安倍晋三首相の記者会見で表明した「率直な反省」が、内閣支持率急落の深刻さを物語る。
通常国会閉会にあたって報道各社が行った世論調査の結果が出そろった。共同通信社の全国電世論調査では、内閣支持率は44・9%と、五月の前回に比べて10・5ポイントの急落である。
調査主体にかかわらず、傾向に変わりはない。政権不信がより高まったとみて間違いないだろう。
内閣支持率が、なぜここに来て急落したのか。その理由の一つは強引な国会運営である。
安倍政権がテロ対策に必要と主張した改正組織犯罪処罰法は「共謀罪」の趣旨を盛り込み、一般市民の内心に踏み込んで処罰する危うい内容と指摘される。
懸念が払拭(ふっしょく)されていないにもかかわらず与党は参院法務委員会での審議を打ち切り、本会議で直接採決する「中間報告」というやり方で成立を強行した。
共同通信の調査では、委員会採決の省略について67・7%が「よくなかった」と答えた。
首相は会見で「国会での審議、指摘を踏まえながら適正に運用する」と述べたが、強引な国会運営を反省するのはもちろん、改正法の危険性を深く認識して、審議をやり直すべきではないか。
もう一つの理由は「森友」への国有地払い下げや「加計」の獣医学部新設計画で、公平・公正であるべき行政判断が「首相の意向」や忖度(そんたく)によって歪(ゆが)められたとの疑いが払拭されないことである。
「加計」をめぐる政府の説明には73・8%が「納得できない」と答え、「森友」の問題でも、安倍政権に「問題があると思う」は57・1%と半数を超えた。

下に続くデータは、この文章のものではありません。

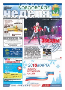 неделя Ковровская Городская информационноаналитическая газета ● ШПОН FINE-LINE ● ПИЛОМАТЕРИАЛЫ (ЭКЗОТИКА) ● НАТУРАЛЬНЫЙ ШПОН ● МЕБЕЛЬНЫЙ ЩИТ ● КЛЕЙ, ГРУНТ, ЛАК ● ТЕРРАСНАЯ ДОСКА Северный проезд, д. 1 Лесоторговая база 2-42-02 2-46-31 8-919-022-02-99 8-919-022-02-88 8-919-022-02-77 8-919-022-02-33 КОМПАНИЯ ВУДСТОК реклама реклама №10 (344) 9 февраля 2018 г. Фото А. Соколова 12+ НОВЫЕ МЕДИЦИНСКИЕ ТЕХНОЛОГИИ Прием специалистов: • АЛЛЕРГОЛОГ-ИММУНОЛОГ • терапевт, • акушер-гинеколог, • гастроэнтеролог, • ревматолог, • уролог • эндокринолог УЗИ, ЭКГ взрослым и детям *Стоимость исследований уточняйте у администра при оформлении. Скидки по дисконтным картам и другим акциям не суммируются. Лицензия № ЛО-33-01-001806 от 05.03.15 г. выдана департаментом здравоохранения администрации Владимирской области. ОГРН 1143327006459, ИНН 3327124955. nmt33.ru ВСЕ ВИДЫ АНАЛИЗОВ АНАЛИЗЫ В ДЕНЬ ОБРАЩЕНИЯ* РЕКЛАМА ÈÌÅÞÒÑß ÏÐÎÒÈÂÎÏÎÊÀÇÀÍÈß. ÍÅÎÁÕÎÄÈÌÀ ÊÎÍÑÓËÜÒÀÖÈß ÑÏÅÖÈÀËÈÑÒÀ г. Ковров, пр-т Ленина, д. 35, 8-930-830-09-57, 8-900-477-55-11 тел. 8(49232) 6-43-48 АКЦИЯ! «ПРОВЕРЬ СВОЁ ЗДОРОВЬЕ» С 10 февраля по 10 марта СКИДКА 70% на комплекс из 10 медицинских анализов: общий анализ крови, СОЭ, общий анализ мочи, АЛАТ, АСАТ, глюкоза, холестерин общий, мочевина, креатинин, общий белок – 350 рублей вместо 1180 руб. (без учета забора крови) ЗАБОР КРОВИ С 0 ЛЕТ страница 14 1 сентября – 240 лет Коврову реклама Впервые на Ковровской земле состоялось изумительное ледовое шоу на открытом воздухе: в Доброграде прошел фестиваль Евгения Плющенко. На лед природного озера вышли живые легенды фигурного катания: сам Евгений Плющенко, а также Аделина Сотникова, Ирина Слуцкая, Сергей Воронов, Юко Кавагути и Александр Смирнов. Восторг многочисленной публики не охладила даже морозная погода. на льду Звезды

首相は会見で「真摯(しんし)に説明責任を果たしていく。国民から信頼が得られるよう丁寧に説明する努力を積み重ねていく」と述べたが、首相と近しい人ばかりが優遇される政権の在り方への不信の根深さを、世論調査は物語る。
安倍内閣を支持する理由で最も多いのは「ほかに適当な人がいない」の46・1%だ。
なお40%を超える支持率も内実は消極的理由にすぎない。国会や政権の運営を強引に進めても、これからも国民が大目に見てくれると思ったら見当違い、である。